# Required work
For the records below, please print exactly and only the lines from the one with "このたび松澤デンタルクリニッ" down to the one with "その他、メインを肉か魚から選", both ends included, omitting the pictures.

─── Provided material

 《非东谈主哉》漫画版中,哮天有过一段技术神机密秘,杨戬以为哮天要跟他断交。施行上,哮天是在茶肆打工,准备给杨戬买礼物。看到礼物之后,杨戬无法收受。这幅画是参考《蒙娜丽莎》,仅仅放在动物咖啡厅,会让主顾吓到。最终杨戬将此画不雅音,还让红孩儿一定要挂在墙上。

──────
─── Provided material

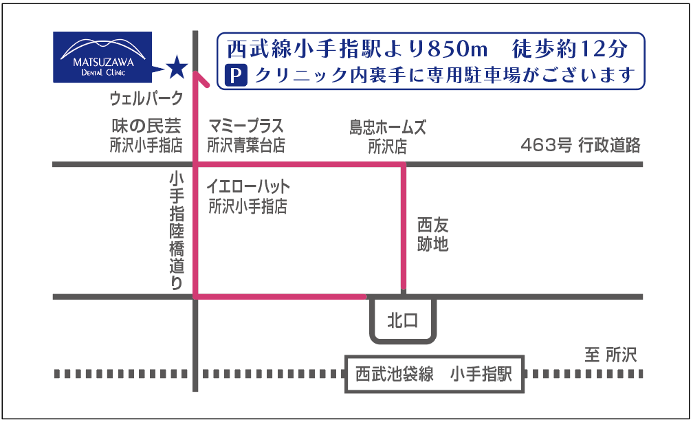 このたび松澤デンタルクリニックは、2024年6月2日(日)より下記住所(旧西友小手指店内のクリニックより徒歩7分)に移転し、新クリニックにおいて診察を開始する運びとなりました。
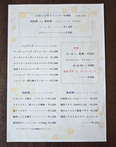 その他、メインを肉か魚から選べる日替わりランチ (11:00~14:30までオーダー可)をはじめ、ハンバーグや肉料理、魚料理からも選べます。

──────

# Solution to this problem
 このたび松澤デンタルクリニックは、2024年6月2日(日)より下記住所(旧西友小手指店内のクリニックより徒歩7分)に移転し、新クリニックにおいて診察を開始する運びとなりました。
 その他、メインを肉か魚から選べる日替わりランチ (11:00~14:30までオーダー可)をはじめ、ハンバーグや肉料理、魚料理からも選べます。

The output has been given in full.